Your task: Everything from the line with "Der lässige Schnitt" to the line with "Forgyldt Small Link" in the listing below, both lines included, needs to be copied exactly, apart from the pictures.

Dataset:
• • • • • • •

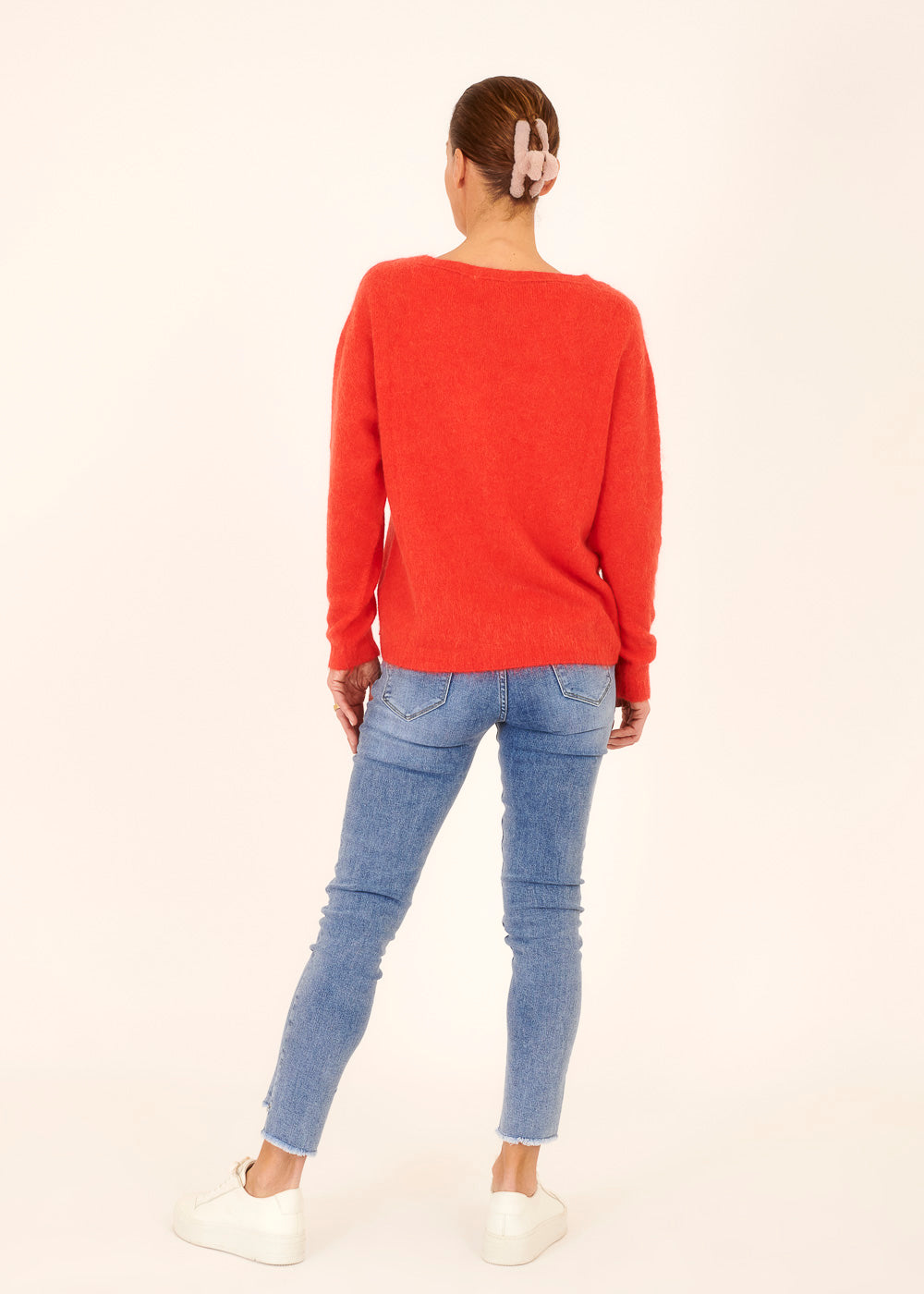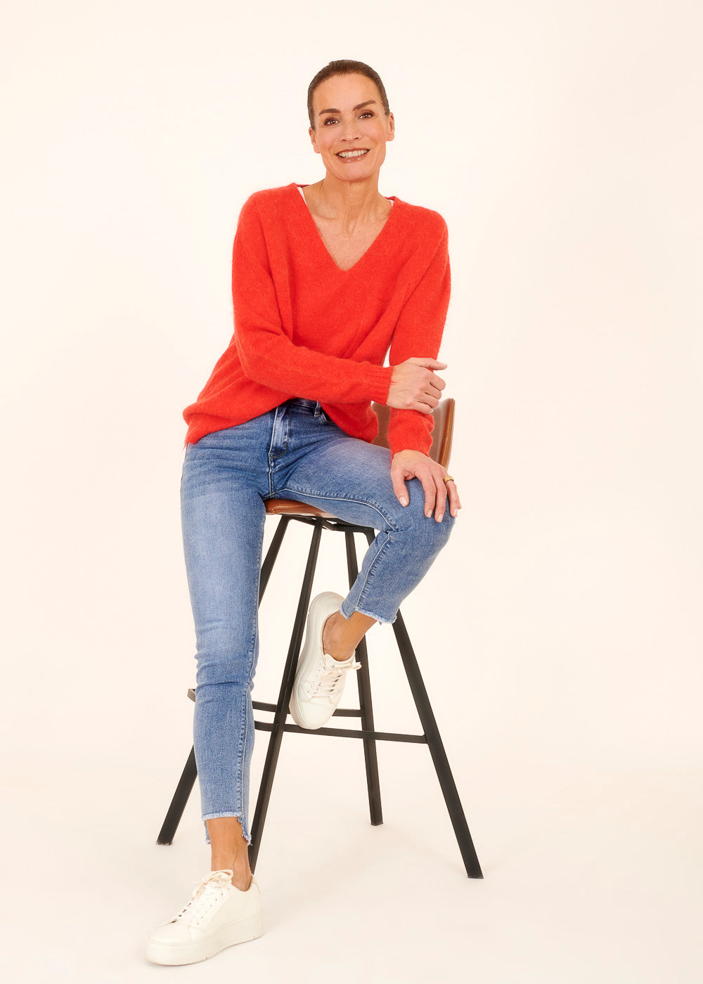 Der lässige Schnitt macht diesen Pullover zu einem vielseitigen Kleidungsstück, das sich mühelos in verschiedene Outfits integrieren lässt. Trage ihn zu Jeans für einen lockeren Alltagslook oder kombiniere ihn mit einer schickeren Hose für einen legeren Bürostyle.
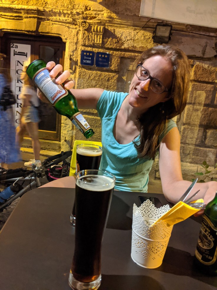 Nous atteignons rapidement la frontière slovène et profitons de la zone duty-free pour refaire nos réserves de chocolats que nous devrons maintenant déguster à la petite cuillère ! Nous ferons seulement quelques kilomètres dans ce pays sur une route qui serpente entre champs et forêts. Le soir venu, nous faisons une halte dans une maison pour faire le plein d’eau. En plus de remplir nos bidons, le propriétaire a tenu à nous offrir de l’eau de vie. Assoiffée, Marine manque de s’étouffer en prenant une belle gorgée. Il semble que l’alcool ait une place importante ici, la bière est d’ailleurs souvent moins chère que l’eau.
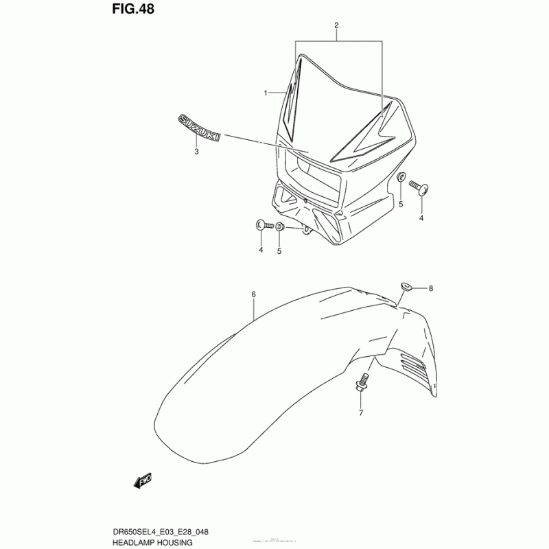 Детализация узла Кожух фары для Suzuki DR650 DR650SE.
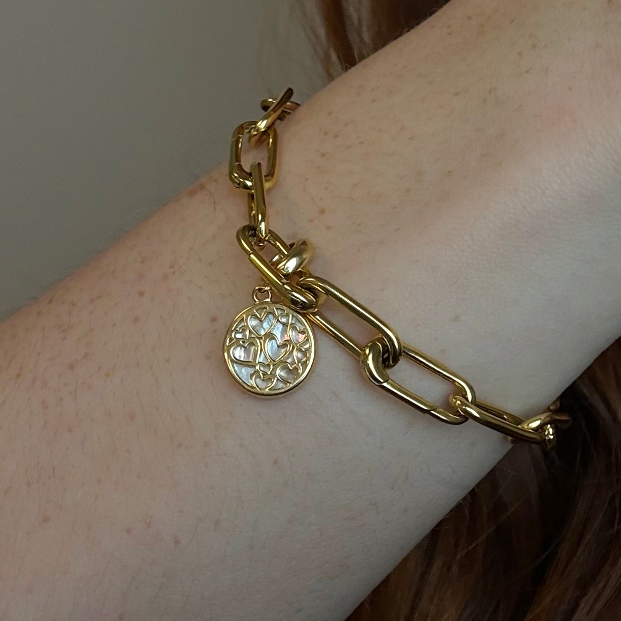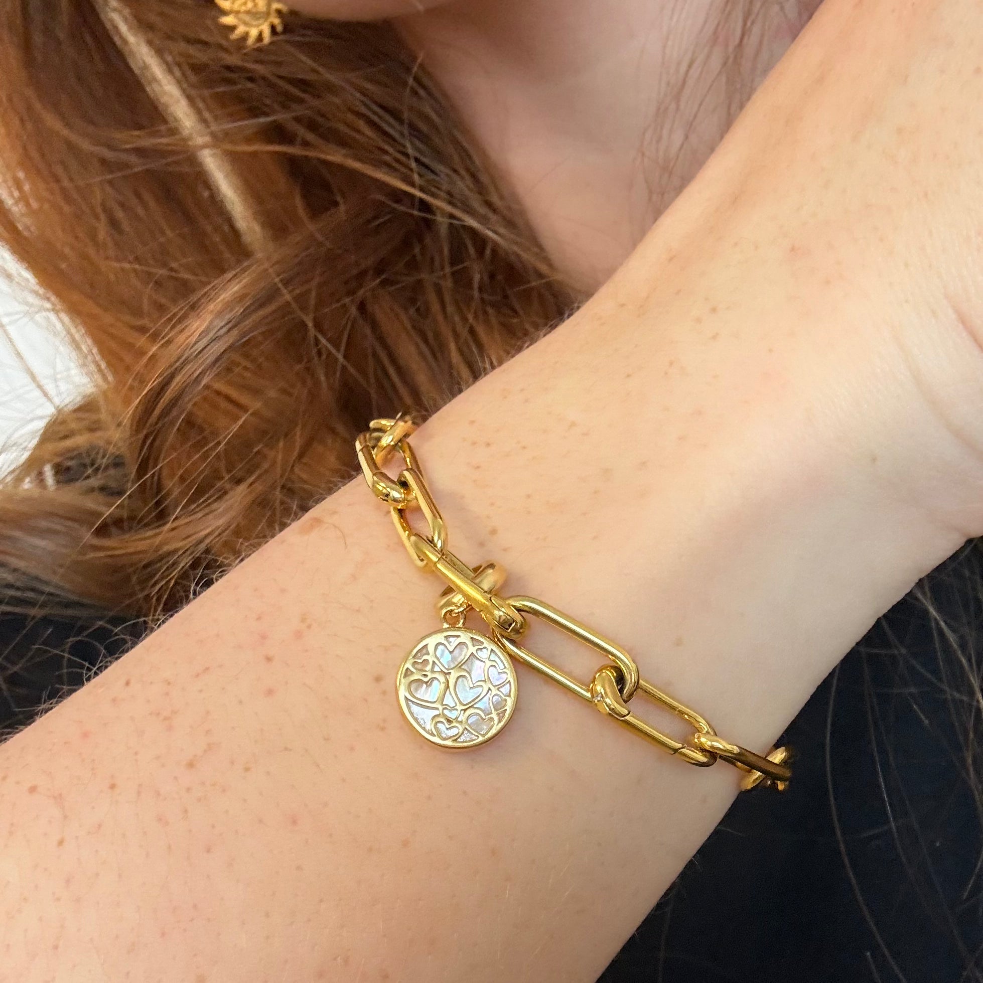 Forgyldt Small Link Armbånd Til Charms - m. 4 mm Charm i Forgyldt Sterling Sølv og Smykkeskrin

• • • • • • •

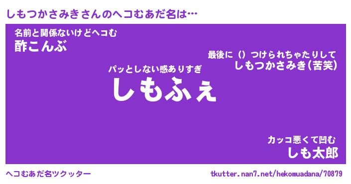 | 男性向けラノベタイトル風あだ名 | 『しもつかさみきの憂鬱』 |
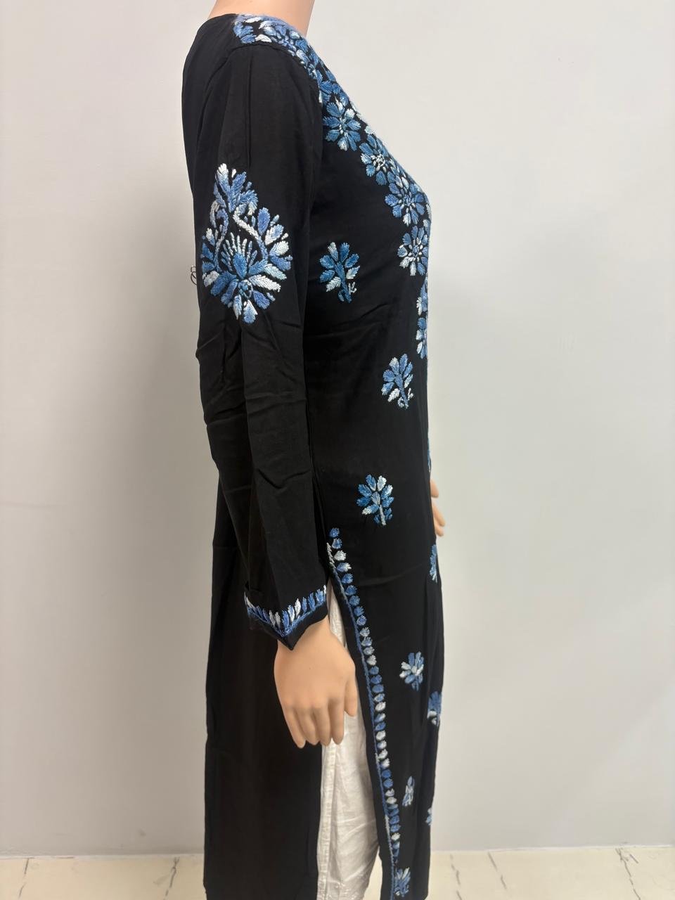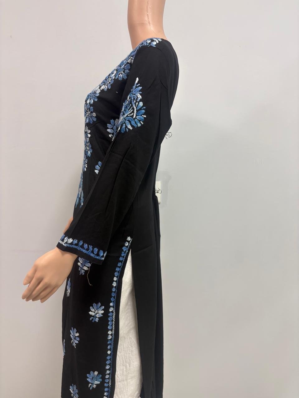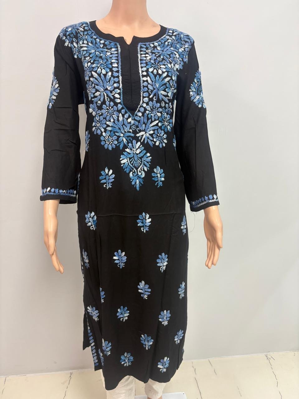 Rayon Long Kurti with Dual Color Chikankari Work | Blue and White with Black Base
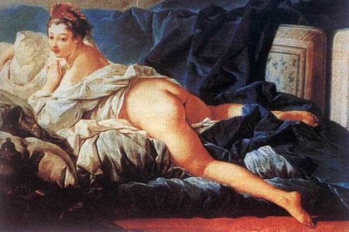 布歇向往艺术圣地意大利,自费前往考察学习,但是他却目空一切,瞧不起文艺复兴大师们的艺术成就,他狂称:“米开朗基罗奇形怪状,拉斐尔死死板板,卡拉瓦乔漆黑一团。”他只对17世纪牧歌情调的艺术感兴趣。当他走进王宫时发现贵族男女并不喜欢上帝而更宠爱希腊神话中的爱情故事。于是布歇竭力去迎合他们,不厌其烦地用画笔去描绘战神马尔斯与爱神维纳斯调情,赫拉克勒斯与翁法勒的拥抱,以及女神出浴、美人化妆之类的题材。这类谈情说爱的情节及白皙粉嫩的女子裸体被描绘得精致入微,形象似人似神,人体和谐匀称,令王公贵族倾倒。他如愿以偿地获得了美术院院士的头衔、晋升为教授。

• • • • • • •

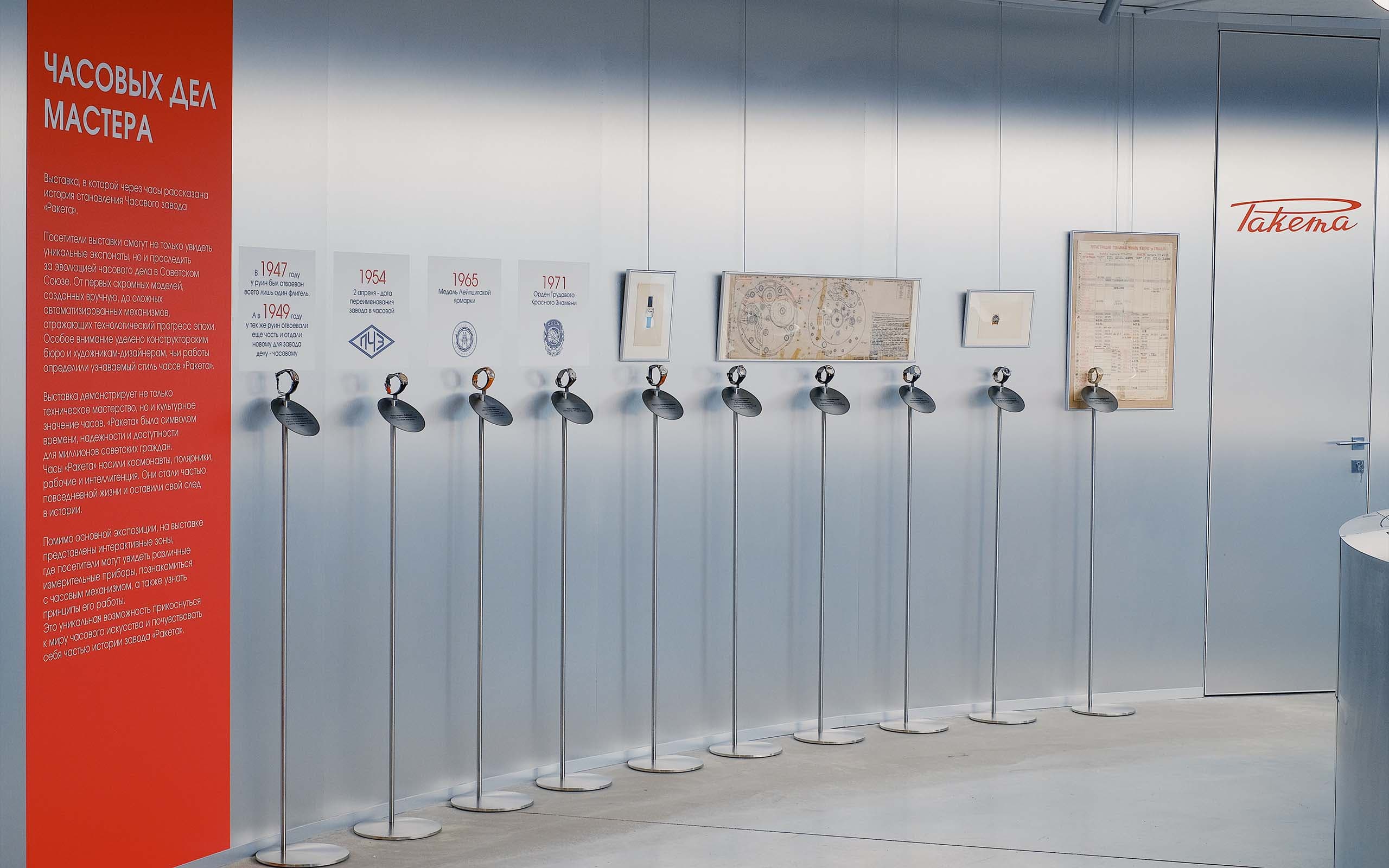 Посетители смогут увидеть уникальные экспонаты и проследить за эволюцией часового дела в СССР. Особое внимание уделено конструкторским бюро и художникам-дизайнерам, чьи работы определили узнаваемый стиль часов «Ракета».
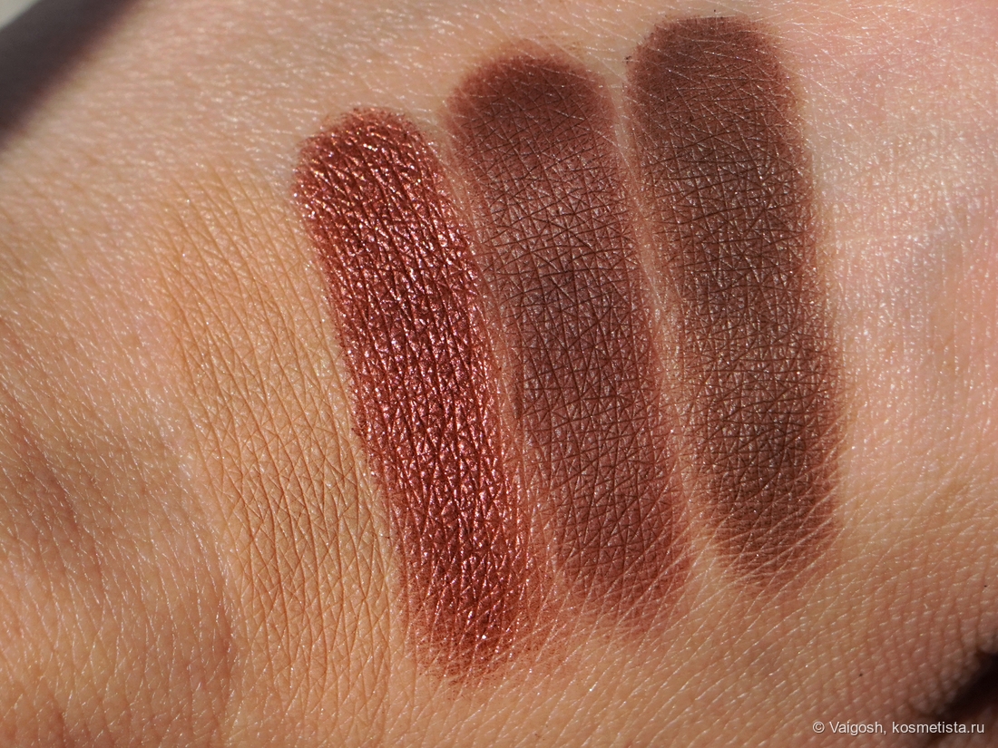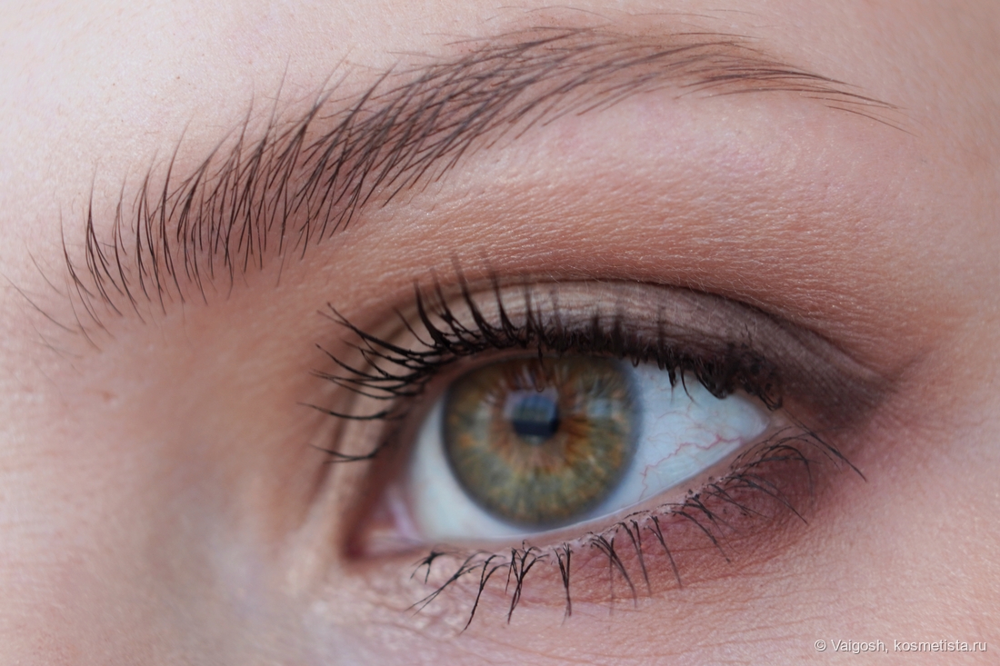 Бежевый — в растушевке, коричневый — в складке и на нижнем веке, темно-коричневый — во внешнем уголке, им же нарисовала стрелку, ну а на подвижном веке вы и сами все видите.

• • • • • • •

Output:
 Der lässige Schnitt macht diesen Pullover zu einem vielseitigen Kleidungsstück, das sich mühelos in verschiedene Outfits integrieren lässt. Trage ihn zu Jeans für einen lockeren Alltagslook oder kombiniere ihn mit einer schickeren Hose für einen legeren Bürostyle.
 Nous atteignons rapidement la frontière slovène et profitons de la zone duty-free pour refaire nos réserves de chocolats que nous devrons maintenant déguster à la petite cuillère ! Nous ferons seulement quelques kilomètres dans ce pays sur une route qui serpente entre champs et forêts. Le soir venu, nous faisons une halte dans une maison pour faire le plein d’eau. En plus de remplir nos bidons, le propriétaire a tenu à nous offrir de l’eau de vie. Assoiffée, Marine manque de s’étouffer en prenant une belle gorgée. Il semble que l’alcool ait une place importante ici, la bière est d’ailleurs souvent moins chère que l’eau.
 Детализация узла Кожух фары для Suzuki DR650 DR650SE.
 Forgyldt Small Link Armbånd Til Charms - m. 4 mm Charm i Forgyldt Sterling Sølv og Smykkeskrin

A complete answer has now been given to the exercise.